Department of Urology, Graduate School of Medical Sciences, Kyushu University.
Division of Urology, Harasanshin Hospital, Fukuoka.
Jpn J Clin Oncol. 2020 Apr 7;50(4):357-367. doi: 10.1093/jjco/hyaa013.
Although surgery with curative intent is critical for management of many localized cancers, multimodal therapy including neoadjuvant and adjuvant therapy has been introduced to increase the effectiveness of local control of surgery and prolong survival. However, strong evidence supporting the utility of such multimodal therapy is limited. The utility of perioperative chemotherapy has been extensively investigated in bladder cancer, and several randomized controlled trials have indicated the benefit of neoadjuvant cisplatin-based chemotherapy in muscle-invasive bladder cancer. Regrettably, perioperative therapy for other urological cancers is controversial; therefore, no definitive conclusions have been drawn. Recently, the number of trials has rapidly increased due to the development of immune checkpoint inhibitors, used alone or in combination with other modalities. In this review, we summarize the current status and supporting evidence for perioperative therapies such as neoadjuvant and adjuvant therapies for urological cancers, including prostate cancer, urothelial cancer and renal cell carcinoma.

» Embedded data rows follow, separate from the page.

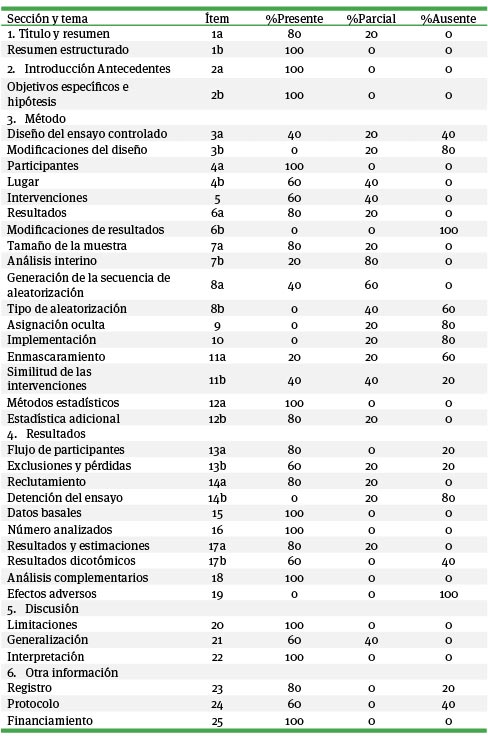 Características metodológicas de los estudios. Todos los artículos encontrados en las bases de datos fueron eca, lo que permitió evaluar su calidad metodológica considerando los 25 criterios que propone la declaración Consort, en la tabla 3 se presentan los porcentajes obtenidos del análisis. Se observa que 80% de los estudios detallan en el título de la investigación que la asignación de los sujetos fue aleatoria. Además, todos poseen un resumen estructurado (con un objetivo, método, resultados y conclusiones), en sus antecedentes citan revisiones sistemáticas y metaanálisis como evidencia empírica de estudios previos, y su objetivo o hipótesis es claro y congruente con sus hallazgos.
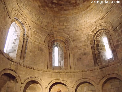 El armonioso ábside es lo mejor. Cuenta con columnas encaramadas a plintos, ventanales de arquivoltas aboceladas y una pareja de chambranas ajedrezadas que anillan elegantemente las columnas.
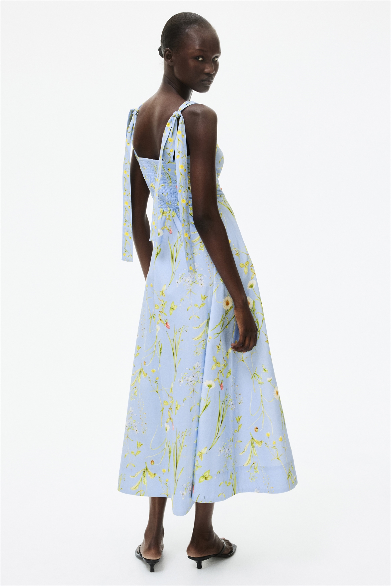 Платье длиной до колен из хлопкового полотна с завязками на плечах, квадратным вырезом и закрытыми пуговицами спереди. Приталенный лиф со швом сзади, шов на талии и расклешенная юбка. Без подкладки.
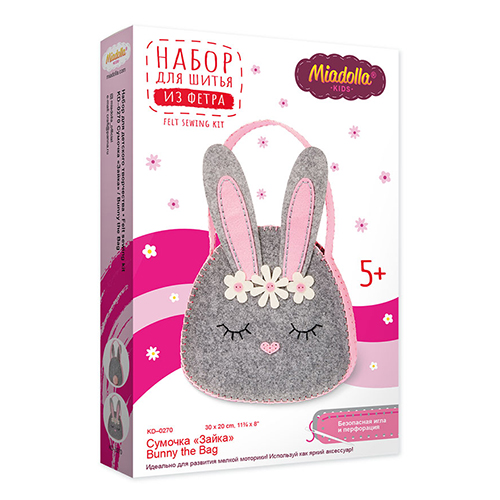 Набор для шитья игрушек " Miadolla " Сумочка "Зайка", состав набора: детали из фетра с перфорацией, безопасная пластиковая игла, нитки, пряжа (акрил), подробная инструкция с картинками
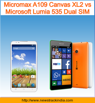 Main Features comparison of the devices Micromax A109 Canvas XL2 and Microsoft Lumia 535 Dual SIM.
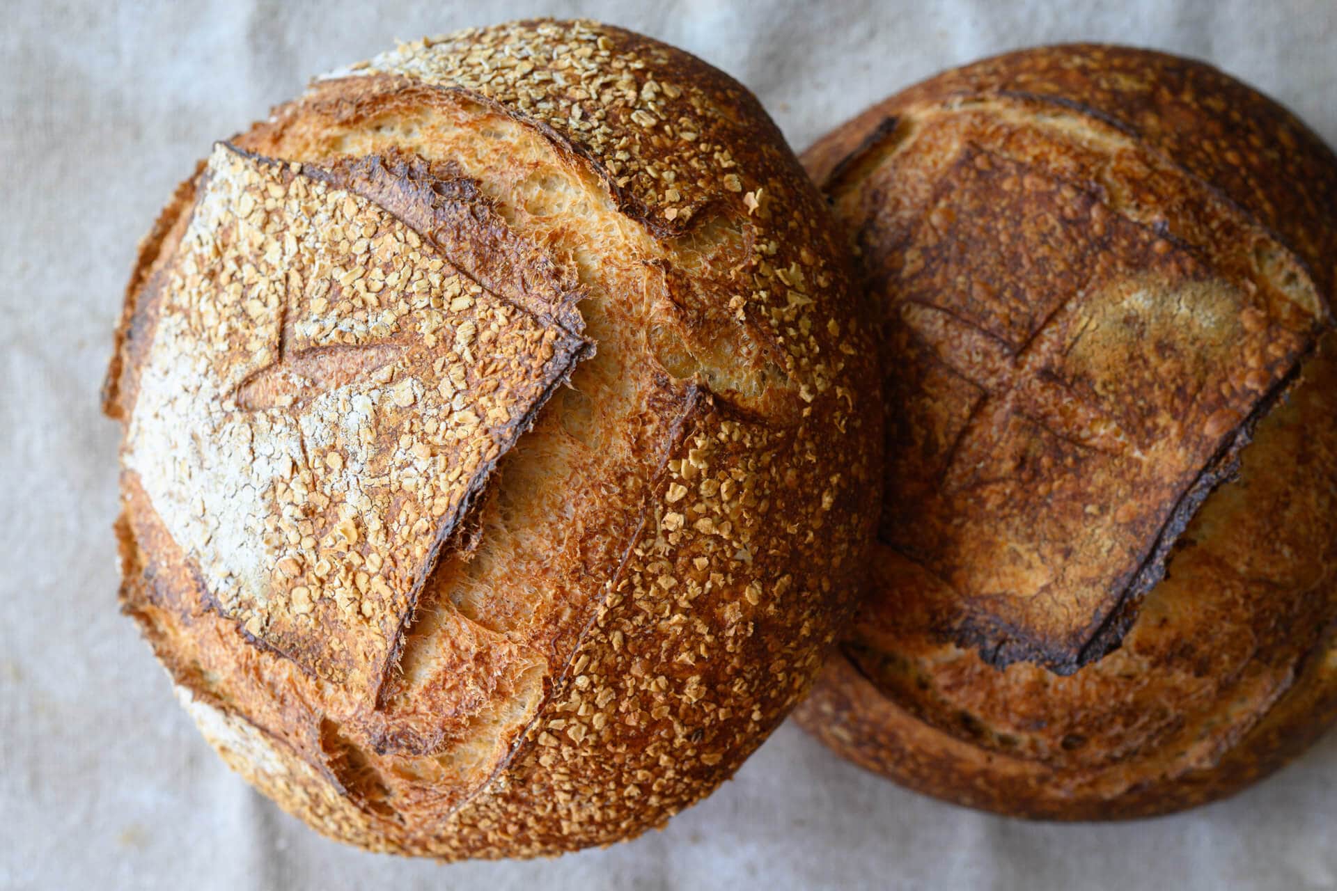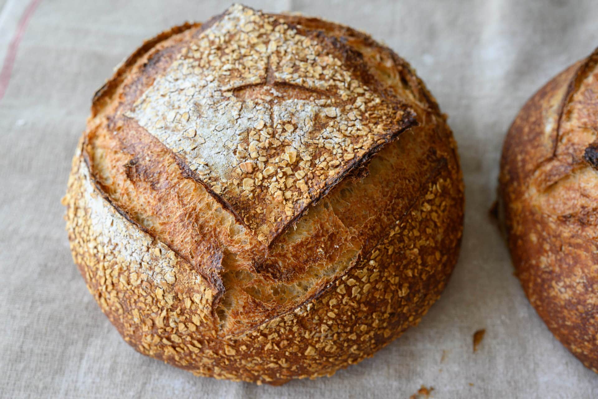 Congruent with my last pan loaf post, I’ve been using quick-cooking oats to top many of my loaves. I did the same here for one of my boules, and I’m still loving their texture and added nutrition, but this is optional.

尽管具有治愈意图的手术对于许多局限性癌症的治疗至关重要,但已引入包括新辅助和辅助治疗在内的多模式治疗,以提高手术局部控制的效果并延长生存时间。然而,支持这种多模式治疗的有效性的有力证据有限。围手术期化疗在膀胱癌中的应用已得到广泛研究,几项随机对照试验表明新辅助顺铂为基础的化疗对肌层浸润性膀胱癌有益。遗憾的是,其他泌尿系统癌症的围手术期治疗仍存在争议;因此,尚无明确结论。最近,由于免疫检查点抑制剂的开发,单独使用或与其他方式联合使用,试验数量迅速增加。在这篇综述中,我们总结了围手术期治疗(如新辅助和辅助治疗)在前列腺癌、尿路上皮癌和肾细胞癌等泌尿系统癌症中的现状和支持证据。